Александр Иванович сидел на скамейке возле могилы матери, обхватив длинными руками худое колено. Василий Иванович сидел рядом, губы его были крепко сжаты, он неотрывно глядел на холмик, обложенный дерном и сплошь усеянный незабудками, изредка горестно покачивая головой. Оля и Лена, вооруженные кистями и ведерками с зеленью, красили новую ограду. Сейчас они стояли по ту сторону ее и, опершись о штакетник, еще не закрашенный, слушали рассказ дяди Саши.

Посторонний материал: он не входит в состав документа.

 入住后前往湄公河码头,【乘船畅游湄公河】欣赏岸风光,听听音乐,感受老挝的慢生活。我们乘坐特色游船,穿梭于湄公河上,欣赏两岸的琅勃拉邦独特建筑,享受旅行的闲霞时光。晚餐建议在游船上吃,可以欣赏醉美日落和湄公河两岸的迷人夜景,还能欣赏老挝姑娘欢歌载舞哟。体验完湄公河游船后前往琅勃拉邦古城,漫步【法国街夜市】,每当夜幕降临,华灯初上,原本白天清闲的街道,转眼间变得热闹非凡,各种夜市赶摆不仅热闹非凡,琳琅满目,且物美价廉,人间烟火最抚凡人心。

Они приехали накануне, и дядя Саша, без памяти от радости, плача и смеясь, бегал по дому и по двору, разгружая громадный тарантас, купленный несколько лет назад для путешествий. Тарантас этот ждал Суриковых в Томске, куда они добирались из Москвы поездом и пароходами. Ночевали обычно в томской гостинице, а наутро к дверям подавался запряженный тройкой тарантас с кожаным верхом, со множеством каких‑то ящичков, карманов и отделений. Ехали в нем, полулежа на сене, покрытом коврами, откинувшись на кожаные подушки.

В Красноярске тарантас завозили в дальний угол двора, за огороды, и там он стоял, упершись оглоблями в небо, вплоть до осени, когда его снова подкатывали к подъезду, заполняли отделения и ящички продовольствием и всем необходимым для дороги, а к задней решетке подвязывали багаж. С постоялого двора пригоняли коней, и Суриковы снова отдавались во власть всепокоряющей поэзии дальнего путешествия, к которой Василий Иванович стремился с юности…

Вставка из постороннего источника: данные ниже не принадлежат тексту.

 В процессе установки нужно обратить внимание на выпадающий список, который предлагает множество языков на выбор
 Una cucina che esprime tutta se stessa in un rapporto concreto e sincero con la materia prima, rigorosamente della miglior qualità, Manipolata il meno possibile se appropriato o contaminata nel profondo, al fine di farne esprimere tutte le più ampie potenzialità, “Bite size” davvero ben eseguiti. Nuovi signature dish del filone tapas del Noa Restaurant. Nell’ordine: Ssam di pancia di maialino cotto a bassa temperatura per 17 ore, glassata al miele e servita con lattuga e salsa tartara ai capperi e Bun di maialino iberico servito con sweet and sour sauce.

Александр Иванович неизменно провожал их верхом до Московского тракта. И Суриковым долго виделся сквозь оседавшую пыль его белый китель, маячивший среди поля…

Но в этот приезд, откатывая вместе с соседним работником тарантас в огород, дядя Саша мечтательно сказал, глядя на оглобли‑мачты:

– В последний раз приехали наши в тарантасе, скоро придется его продавать: с осени открывается Сибирский железнодорожный путь до самой Москвы. Отжил свой век ямской тракт!..

После смерти Прасковьи Федоровны в доме на Благовещенской неслышно и невидимо руководила всем вдова Варвара, старинная знакомая Суриковых. Она была в годах, но не чувствовала их, успевая утром принести с базара провизии, затопить печи, что‑нибудь постирать, вымыть полы, протереть в гостиной зеркало, быстро водя по отражению своего озабоченного рыхловатого лица. Иногда она вдруг замечала свое отражение, и тогда движение ее рук замедлялось, а лицо, как по волшебству, изменялось до неузнаваемости. Оно подтягивалось, розовело, а морщинки словно разглаживались под плавным движением суконки по зеркалу. На минуту она застывала, разглядывая себя и поправляя сбившуюся косынку, потом взор ее неизменно падал на большую фотографию Александра Ивановича, и лицо освещалось изнутри мечтательной нежностью. Потом волшебство кончалось, и полосатые чулки на ее быстрых ногах уже мелькали во дворе, между двумя полными ведрами воды, а за чулками с кудахтаньем, вприпрыжку бежали куры…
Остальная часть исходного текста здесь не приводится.